### Video Transcript

A square lamina maintains its shape
as it expands. Find the rate of change in its area
with respect to side length when its side measures four centimeters.

We have a square lamina, which is a
two-dimensional flat object whose thickness is negligible. We’re asked to find the rate of
change of its area with respect to side length. And that’s given a particular side
length of four centimeters. Let’s begin by calling the side
length 𝑥. Then we can find an equation for
the area with respect to side length. Since our lamina is a square and we
know that the area of a square is the square of the side length, as a function of
side length 𝑥, the area 𝐴 of 𝑥 is equal to 𝑥 squared.

Now, normally, when we think of
rates of change, we think of the rate of change with respect to time. But we’re not given any information
about the rate of change with respect to time. All we have is the area as a
function of side length.

To find the rate of change with
respect to side length then, we differentiate the area function with respect to side
length 𝑥. That is, we find d𝐴 by d𝑥. And to do this, we use the power
rule for derivatives. This tells us that for any real
power 𝑛 and constant coefficient 𝑎, d by d𝑥 of the function 𝑎 times 𝑥 to the
power 𝑛 is 𝑛 multiplied by 𝑎 times 𝑥 raised to the power 𝑛 minus one. That is, we bring the power 𝑛 down
to the front and multiply by it and subtract one from the power or exponent. In our case, this means bringing
down the exponent two and multiplying by it. And then our new exponent is two
minus one. This is one, and since anything to
the power one is simply itself, we have d𝐴 by d𝑥 equals two 𝑥.

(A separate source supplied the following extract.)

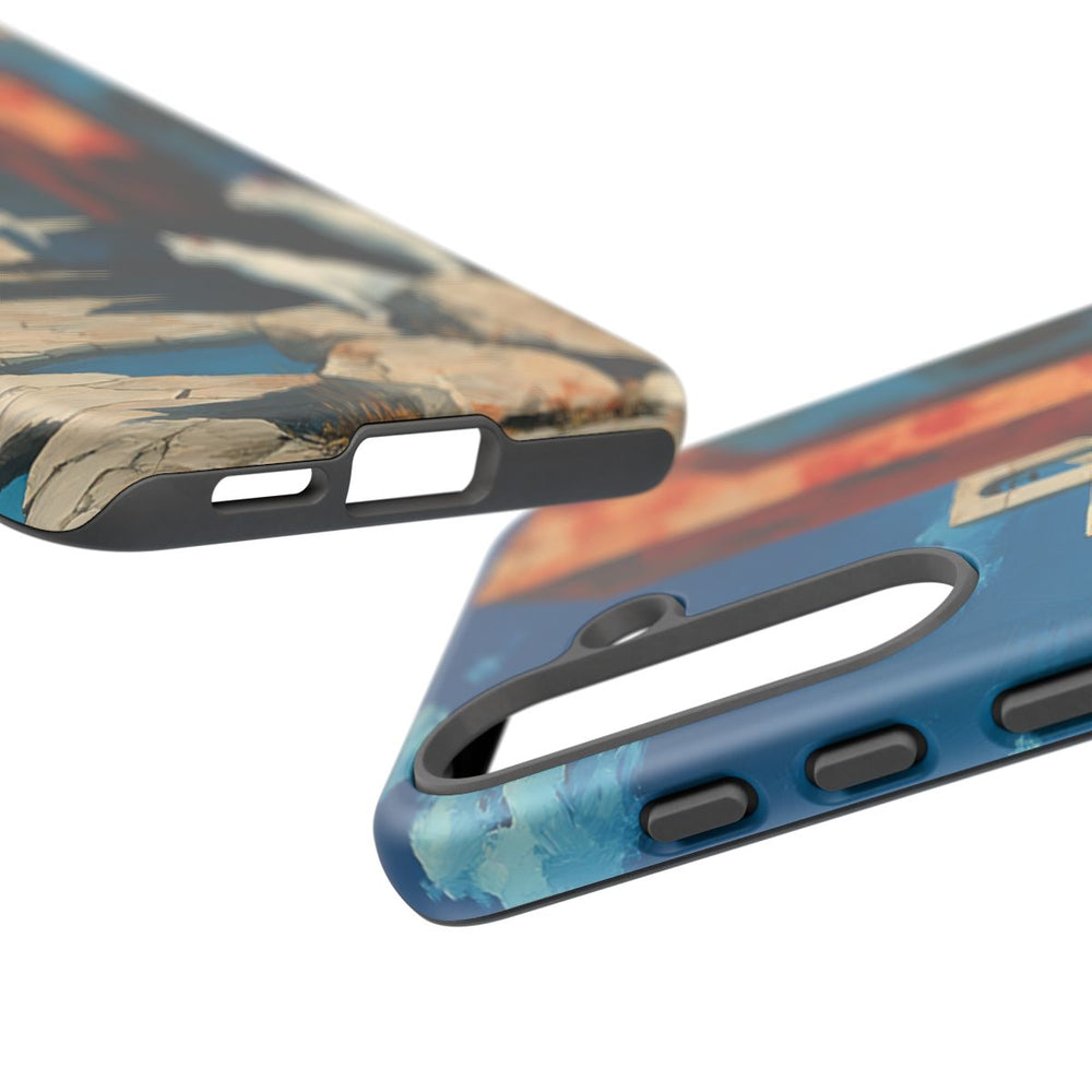 Dit ontwerp toont twee witte katten die op rotsen zitten in een surrealistisch landschap. Op de achtergrond zijn abstracte gebouwen te zien in rode en witte tinten onder een heldere blauwe lucht. De scène straalt een dromerige sfeer uit, geïnspireerd op klassieke kunststijlen. Het telefoonhoesje is gemaakt van 100% polycarbonaat met een voering van 100% TPU, wat zorgt voor een dubbele laag voor extra stevigheid en bescherming. Het hoesje ondersteunt draadloos opladen en is daardoor een praktische keuze voor dagelijks gebruik.

Now, to find the rate of change in
the lamina’s area when its side length is four, we substitute four for 𝑥 in d𝐴 by
d𝑥. So we have two times four, which is
eight. Since our area is measured in
square centimeters and our side length in centimeters, the units are square
centimeters per centimeter. That is the number of square
centimeters resulting from a one-centimeter change in side length. Hence, the rate of change of the
lamina’s area with respect to side length when its side measures four centimeters is
eight square centimeters per centimeter.